Вот и Москва; как медленно приближаемы наши желания, говорил себе Родион Тулубьев. В первый же день по приезду, едва отмывшись и сменив «вшивую» поездную одежду, он бродил по центру знакомыми улицами и, наглядевшись, направился к Вепринцевым. Быстро ходить не получалось: задыхался и прихрамывал. На Преображенском валу встретил его монастырский колокол: раз, два, три… В Доме трезвости застал всех: доктора, его дочь и Валентина. Гостя тормошили, не знали куда усадить, чем угостить. Поднялась суматоха. Кастелянша затребовала у кухарки праздничный обед, как-никак «спаситель» ее с хронту живым возвернулся.

Постепенно все разбрелись по своим делам. Женя и Родион остались наедине в столовой доктора. Девушка подпирала рукой голову и пристально разглядывала лицо гостя: изменился, точнее, возмужал, огрубел. Ямочка на подбородке углубилась, утратив детскую милую особенность, сам же подбородок будто окреп. Желваки перекатываются. Волевой бугор скулы. Русые волосы потемнели, или так кажется из-за короткой армейской стрижки. Ему идут узкие усы, правда, добавляют возраста. Смешливые глаза мрачнее, срезающий взгляд. Не личико юноши-десятника; игры со смертью будто опрокинули его лицо. Новое в нем привлекает и настораживает. Словно он стал старше ее лет на десять разом и знает недосягаемое ей. И то знание дает ему право возобладания и признание его правоты. Мало кому так к лицу военная форма.

За окном слышался сердитый баритон коменданта и лай бродячей собаки, которую тот никак не мог выгнать со двора. В форточку свищет, но нет сил встать и прикрыть. В дверях бесшумно появляется и пропадает голова в кудельках, кастелянша любопытствует происходящим. Воздух как будто отяжелел молчанием. Руки бесцельно крутят чашку и фарфор чуть поскрипывает под пальцами. Почему его глаза смеются? Почему смущают ее? Он смотрит чуть исподлобья, чуть уйдя в себя. Они оба ушли в себя, в свои воспоминания друг о друге. Но его взгляд целомудрен, без пошлости и настойчивости взгляда тех, других глаз, которые прежде с любопытством искали ее реакции от нарочного прикосновения ноги под столом.

Родион осторожно вынул чашку из рук Жени, должно быть, опасаясь: расколет, порежется, так впилась… Пальцы его прохладны и настоятельны.
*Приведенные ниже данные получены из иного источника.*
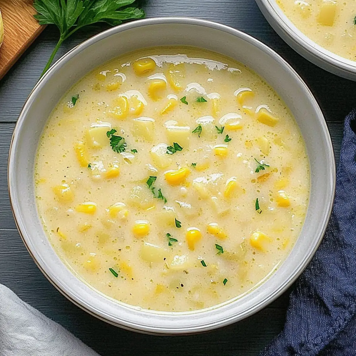 Jump to Recipe Print RecipeAs the chilly breeze whispers through open windows, I find myself yearning for something warm and nourishing. That’s when I turn to my Classic Corn Chowder—a dish that wraps you in a cozy hug with its rich, creamy texture and the natural sweetness of corn. In just 35 minutes, this recipe transforms simple ingredients into a comforting bowl of goodness, making it perfect for both chilly evenings and summer afternoons. With its quick prep time and ability to satisfy any crowd, it’s a go-to meal that keeps fast food at bay. Whether you’re enjoying it solo or sharing it with loved ones, this corn chowder guarantees a heartwarming experience that will leave you craving more. What’s your favorite way to enjoy corn in the kitchen? Why Is Corn Chowder So Comforting? Creamy Delight: This Classic Corn Chowder is not just a recipe; it’s a warm hug in a bowl! The rich, creamy texture is incredibly comforting, making it perfect for any time of the year. Quick and Easy: With just 35 minutes of prep, you can whip up this delicious dish without sacrificing taste—ideal for busy weeknights or spontaneous summer gatherings. Versatile Variations: Want to customize? Easily transform this chowder into a Sausage Corn Chowder or even a Vegetarian option by adding your favorite ingredients for a unique twist. Crowd-Pleasing Goodness: Whether served at a family dinner or a cozy get-together, this dish is sure to impress everyone at the table. Pair it with Cornbread or some crusty bread for a complete meal! Nutrient-Rich: Made with wholesome ingredients, this chowder not only tastes great but also provides essential nutrients, ensuring a satisfying, guilt-free meal. Enjoy a bowl today! Corn Chowder Ingredients • Keep every ingredient fresh and ready for a delicious experience! For the Chowder Large Onion – Adds savory depth; substitute with shallots for a milder flavor. Butter – Provides richness and buttery flavor; use olive oil for a dairy-free option. Water – Acts as the soup base; replace with chicken or vegetable broth for enhanced flavor. Cream-Style Corn (2 cans) – Brings in sweetness and creaminess; consider using fresh corn in season for a fresher taste. Potatoes (4 medium, cubed) – Adds heartiness; waxy potatoes like Yukon Gold are best for holding their shape. Milk (2 cups) – Thickens the chowder and gives it a rich mouthfeel; use almond milk for a lighter version. Salt (1.5 tsp) & Pepper (¾ tsp) – Essential seasonings for enhancing flavors; adjust according to your taste. Minced Fresh Parsley – A flavorful garnish; chives or cilantro can be great alternatives for a twist. Experience the warmth of corn chowder today! Step‑by‑Step Instructions for Corn Chowder Step 1: Sauté the Onion In a large Dutch oven, melt 2 tablespoons of butter over medium heat. Add one chopped large onion and sauté for about 5 minutes, stirring occasionally, until it becomes translucent and tender. This base layer of flavor is essential to creating a rich Corn Chowder, so take your time to cook the onion thoroughly before moving on. Step 2: Combine Ingredients Once the onion is ready, pour in 4 cups of water (or your choice of broth) along with 2 cans of cream-style corn and 4 medium cubed potatoes. Increase the heat to high and bring this mixture to a vigorous boil, stirring occasionally. The corn and potatoes will start to blend, and you’ll see the chowder coming together beautifully. Step 3: Simmer the Chowder As soon as it reaches a boil, reduce the heat to low, cover the pot, and let it simmer for 16 to 20 minutes. This allows the flavors to meld while the potatoes become tender. You’ll know it’s ready when the potatoes can easily be pierced with a fork, ensuring each bite of your Corn Chowder is delightful. Step 4: Incorporate Milk and Season After the potatoes are tender, lower the heat further and stir in 2 cups of milk, along with 1.5 teaspoons of salt and ¾ teaspoon of pepper. Let the mixture simmer on low for an additional 5 to 10 minutes, stirring occasionally until heated through. This step adds that creamy texture we all love in a classic Corn Chowder. Step 5: Garnish and Serve Once heated through, your Corn Chowder is ready to serve. Ladle it into bowls and garnish with freshly minced parsley for a touch of color and flavor. This final step not only enhances the presentation but also adds a fresh note to your comforting bowl of chowder. Expert Tips for Corn Chowder Thickening Technique: For a thicker chowder, create a slurry with flour by whisking it with a bit of hot broth before adding it to the soup, ensuring a creamy texture. Avoid Freezing: If you plan to savor leftovers, remember that chowder isn’t freezer-friendly due to the texture of dairy when thawed. Enjoy it fresh! Hand Blender Magic: To achieve that creamy consistency while maintaining some chunkiness, use a hand blender to puree part of the chowder directly in the pot. Fresh vs. Canned: While cream-style corn is convenient, using fresh corn when in season enhances flavor and sweetness—consider it a delightful upgrade! Customize Wisely: Experiment with herbs like thyme or spices such as paprika for a unique spin on your classic corn chowder; just start with small amounts to balance flavors. How to Store and Freeze Corn Chowder Fridge: Store leftover Corn Chowder in an airtight container for up to 4 days. Reheat gently on the stove over low heat for the best texture. Reheating: When reheating, add a splash of milk to restore creaminess and stir occasionally to prevent sticking. Avoid Freezing: Freezing is not recommended due to the milk and potatoes, as they may develop an undesirable texture upon thawing. Making Ahead: For convenience, prepare the chowder in advance and store it in the fridge. Just reheat when you’re ready to enjoy! Corn Chowder Variations & Substitutions Feel free to make this delightful chowder your own with these fun twists and swaps! Dairy-Free: Substitu

Чашка звякает, встает на блюдце. Ее руки могут поспорить в тонкости с фарфором, она знает, что у нее красивые, «музыкальные» руки. Какая чушь в голове, это от смущения. В форточке все тише и тише лай собаки. По-прежнему дует.

Тулубьев тоже оглядывал Женю. Похорошела, локоны ее отросли. Вот она напротив, та – из его сновидений, переходящая из сна в сон. Женщина сдержанная, опасливая, от которой подспудно идет волнующий внутренний жар. Женщина – не пустельга, а создание духовной сосредоточенности. Женщина из тех, каких, встретив, не отпускают. Все так же хороша, чуть серьезнее взгляд. Новая морщинка над бровью в форме чайки, будто жизнь заставляет чаще изумляться. Волосы цвета спелой пшеницы, чуть подобранные лоскутом. Затянувшееся молчание – из тех, что запоминаются крепче разговоров. Надо что-то говорить, интересоваться из вежливости, а не хочется. Хочется снова держать ее пальцы в своих. Но чашка стоит на блюдце.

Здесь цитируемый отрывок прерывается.